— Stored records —

+===+

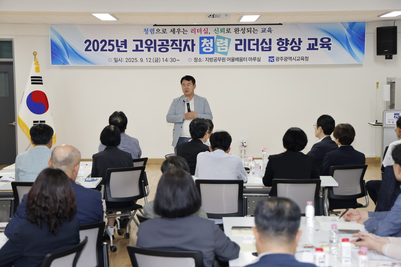 [광주 세계타임즈=손권일 기자] 광주시교육청(교육감 이정선)은 12일 시교육청 지방공무원어울배움터 마루실에서 본청 및 산하기관 4급(상당) 고위공직자 50여 명을 대상으로 ‘2025년 고위 공직자 청렴리더십 향상 교육’을 실시했다.
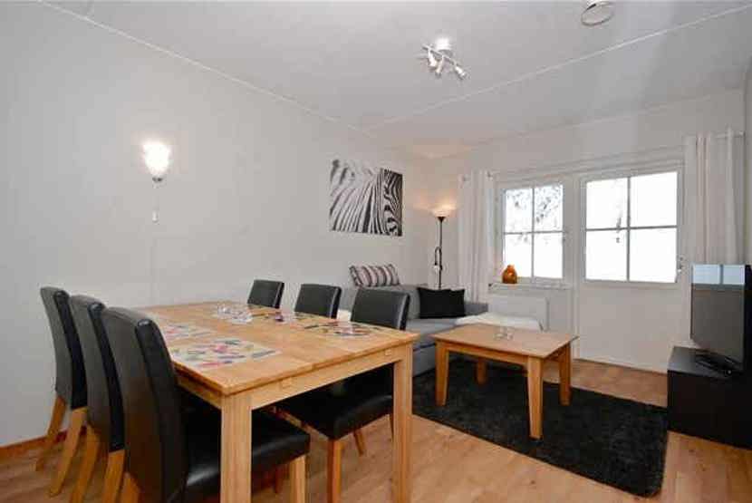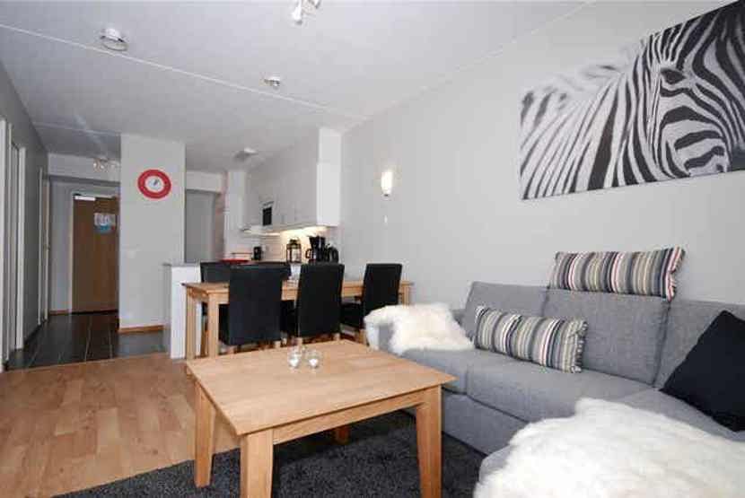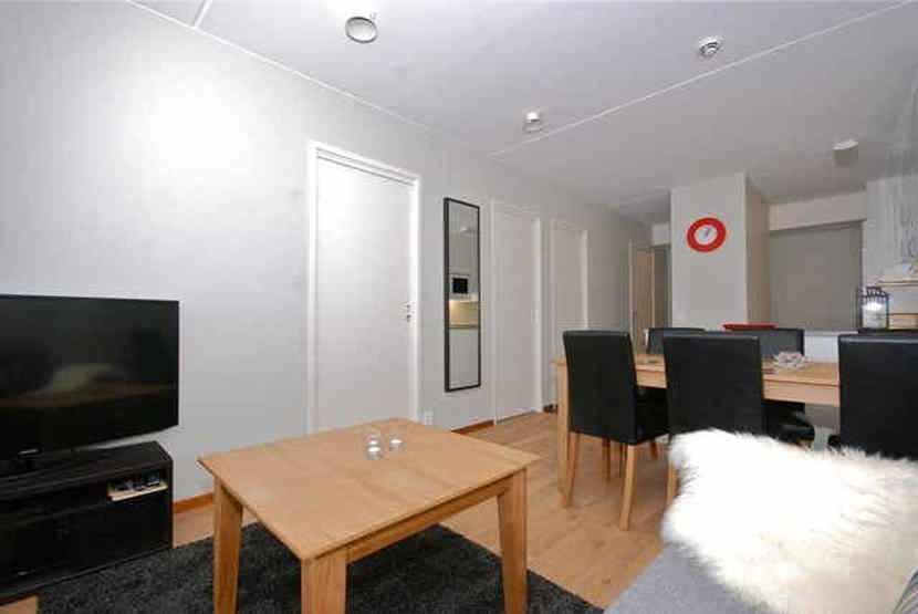Opholdsstue med køkkenafdeling. TV, vaskemaskine, tørreskab, rum til skiudstyr, 1 højstol, 1 barneseng, altan (skovles ikke).
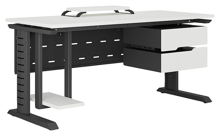 Офисный стол Кобор L2-140/80 black/premium используется в офисных помещениях и кабинетах руководителей. Модель оснащена L-образными опорами с декоративной вставкой на боковинах. Каркас выполнен из металла, выкрашенного в цвет черный муар (RAL9005), столешница – из ламинированной древесно-стружечной плиты (ЛДСП) цвета белый премиум (W1000 S9). Опции (заказываются отдельно):
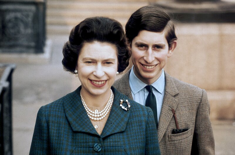 Königin Elizabeth II. mit ihrem damals 20-jährigen Sohn Charles auf Schloss Windsor im Jahr 1969Bild: © Getty Images
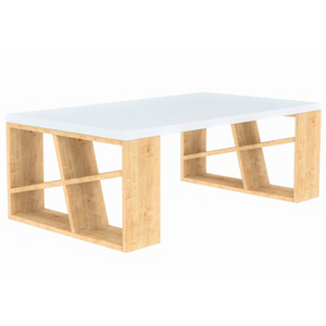 La struttura del tavolino è realizzata in truciolare di alta qualità, garantendo una base solida e resistente. Il rivestimento melaminico contribuisce a conferire al tavolino una finitura liscia e durevole, aggiungendo un elemento di eleganza al suo design complessivo. Lo spessore del top, pari a 25 mm, enfatizza ulteriormente la robustezza della struttura.
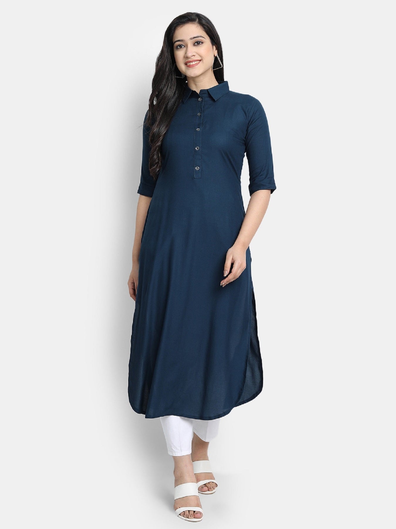 Casual Wear Plain Kurti Collection Pack Contains: Kurti - 1 Shape: Round Fabric: Rayon Color: Blue Work: Plain Kurti Wash And Care: Dry Clean Weight: 300G
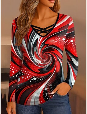 Mulheres Camiseta Com Corte Imprimir Âmbar Gráfico Geometria Vintage à moda Clássico Manga Longa Decote V Tops regulares Diário Azul Rosa Vermelho Verde Primavera Outono
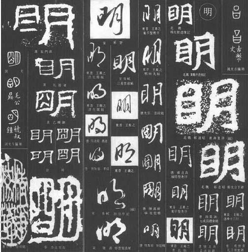 “明”字最常见的有三种写法:明、眀、朙。我们现在使用的“明”字,最早出现在甲骨文中。《易经》里说:“日月相推,而明生焉。”“明”字出现的虽早,然而在很早以前的古代,“眀”、“朙”的写法更为常见。唐代颜元孙《干字书》中只收入“眀”、“朙”两种写法,注曰“上通下正”,即“朙”为正字,“眀”为通字。
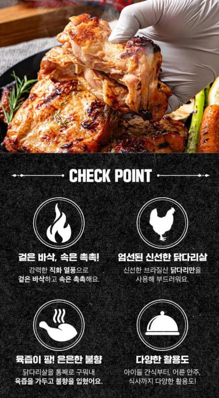 촉촉하고 쫄깃한 **닭다리살 100%**에

+===+

— Problem details —
This task calls for the records to be copied exactly, without pictures.

— Result of the task —
 [광주 세계타임즈=손권일 기자] 광주시교육청(교육감 이정선)은 12일 시교육청 지방공무원어울배움터 마루실에서 본청 및 산하기관 4급(상당) 고위공직자 50여 명을 대상으로 ‘2025년 고위 공직자 청렴리더십 향상 교육’을 실시했다.
Opholdsstue med køkkenafdeling. TV, vaskemaskine, tørreskab, rum til skiudstyr, 1 højstol, 1 barneseng, altan (skovles ikke).
 Офисный стол Кобор L2-140/80 black/premium используется в офисных помещениях и кабинетах руководителей. Модель оснащена L-образными опорами с декоративной вставкой на боковинах. Каркас выполнен из металла, выкрашенного в цвет черный муар (RAL9005), столешница – из ламинированной древесно-стружечной плиты (ЛДСП) цвета белый премиум (W1000 S9). Опции (заказываются отдельно):
 Königin Elizabeth II. mit ihrem damals 20-jährigen Sohn Charles auf Schloss Windsor im Jahr 1969Bild: © Getty Images
 La struttura del tavolino è realizzata in truciolare di alta qualità, garantendo una base solida e resistente. Il rivestimento melaminico contribuisce a conferire al tavolino una finitura liscia e durevole, aggiungendo un elemento di eleganza al suo design complessivo. Lo spessore del top, pari a 25 mm, enfatizza ulteriormente la robustezza della struttura.
 Casual Wear Plain Kurti Collection Pack Contains: Kurti - 1 Shape: Round Fabric: Rayon Color: Blue Work: Plain Kurti Wash And Care: Dry Clean Weight: 300G
 Mulheres Camiseta Com Corte Imprimir Âmbar Gráfico Geometria Vintage à moda Clássico Manga Longa Decote V Tops regulares Diário Azul Rosa Vermelho Verde Primavera Outono
 “明”字最常见的有三种写法:明、眀、朙。我们现在使用的“明”字,最早出现在甲骨文中。《易经》里说:“日月相推,而明生焉。”“明”字出现的虽早,然而在很早以前的古代,“眀”、“朙”的写法更为常见。唐代颜元孙《干字书》中只收入“眀”、“朙”两种写法,注曰“上通下正”,即“朙”为正字,“眀”为通字。
 촉촉하고 쫄깃한 **닭다리살 100%**에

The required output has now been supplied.